* **Exercise brief**
Among the entries below, which lines run from the line with "Bags, kids toys, hamper, clothing, miscellaneous" through the line with "The Hollon MJ-3418C"? Retype those, both ends included, exactly and without pictures.

* **Information**
* * *
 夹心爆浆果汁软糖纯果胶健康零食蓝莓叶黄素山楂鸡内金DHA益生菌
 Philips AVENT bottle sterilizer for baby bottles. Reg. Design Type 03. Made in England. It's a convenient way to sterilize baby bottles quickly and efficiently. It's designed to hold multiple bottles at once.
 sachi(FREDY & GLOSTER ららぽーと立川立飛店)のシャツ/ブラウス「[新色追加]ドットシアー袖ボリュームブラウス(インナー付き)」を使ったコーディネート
* * *
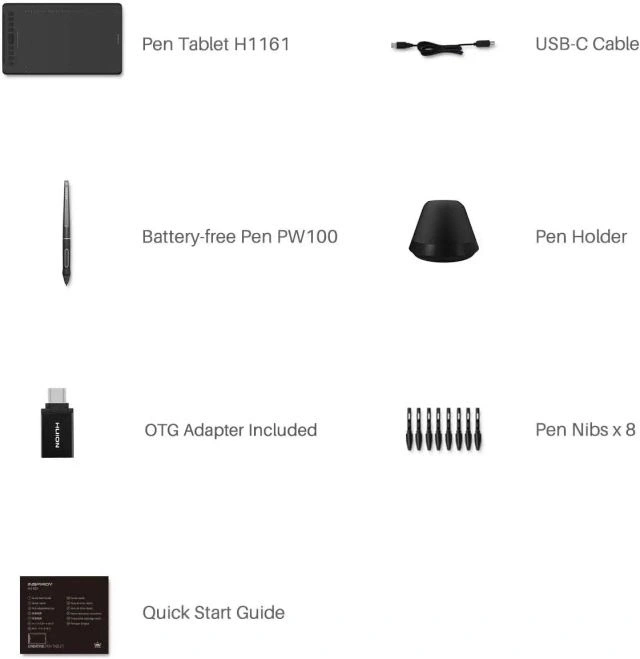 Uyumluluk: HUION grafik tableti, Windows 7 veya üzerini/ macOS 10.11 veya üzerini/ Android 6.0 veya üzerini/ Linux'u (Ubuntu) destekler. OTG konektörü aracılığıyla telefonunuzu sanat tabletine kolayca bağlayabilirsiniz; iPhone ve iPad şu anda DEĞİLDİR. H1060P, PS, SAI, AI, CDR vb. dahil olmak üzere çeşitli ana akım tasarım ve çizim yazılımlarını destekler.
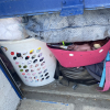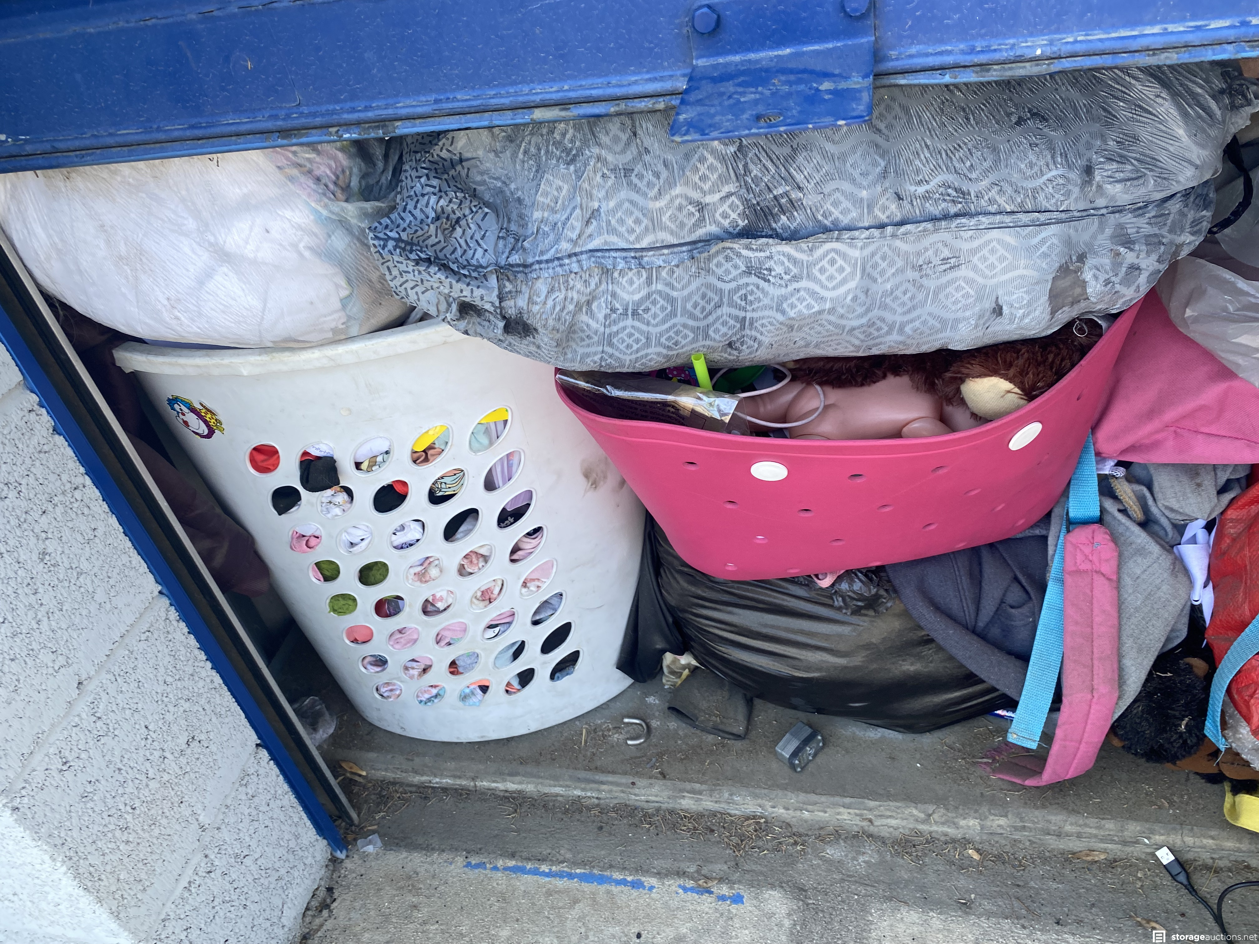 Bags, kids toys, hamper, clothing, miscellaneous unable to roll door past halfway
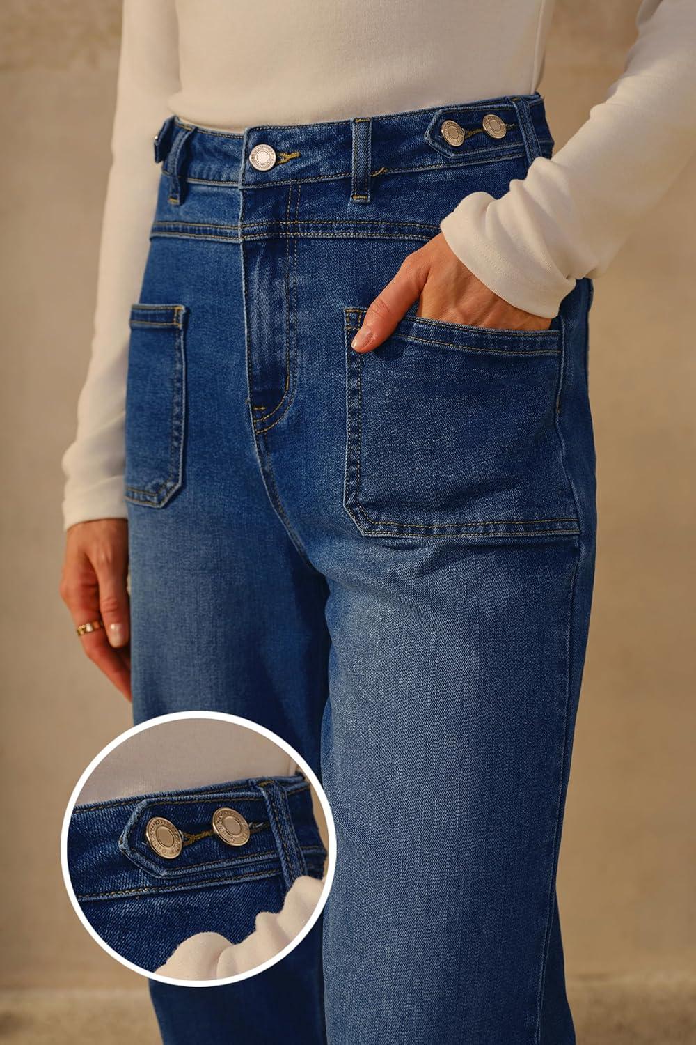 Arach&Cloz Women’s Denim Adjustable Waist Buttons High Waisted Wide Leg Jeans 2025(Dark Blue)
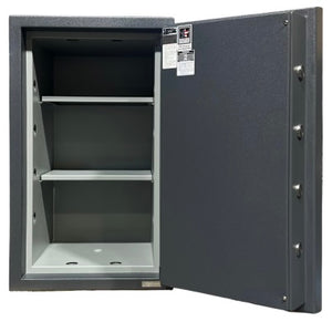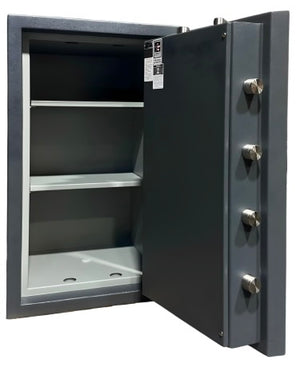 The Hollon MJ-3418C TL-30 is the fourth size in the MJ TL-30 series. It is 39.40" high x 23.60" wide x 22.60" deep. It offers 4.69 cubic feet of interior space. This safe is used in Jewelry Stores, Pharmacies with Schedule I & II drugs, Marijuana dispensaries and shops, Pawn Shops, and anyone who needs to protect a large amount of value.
* * *
* **Answer section**
 Bags, kids toys, hamper, clothing, miscellaneous unable to roll door past halfway
 Arach&Cloz Women’s Denim Adjustable Waist Buttons High Waisted Wide Leg Jeans 2025(Dark Blue)
 The Hollon MJ-3418C TL-30 is the fourth size in the MJ TL-30 series. It is 39.40" high x 23.60" wide x 22.60" deep. It offers 4.69 cubic feet of interior space. This safe is used in Jewelry Stores, Pharmacies with Schedule I & II drugs, Marijuana dispensaries and shops, Pawn Shops, and anyone who needs to protect a large amount of value.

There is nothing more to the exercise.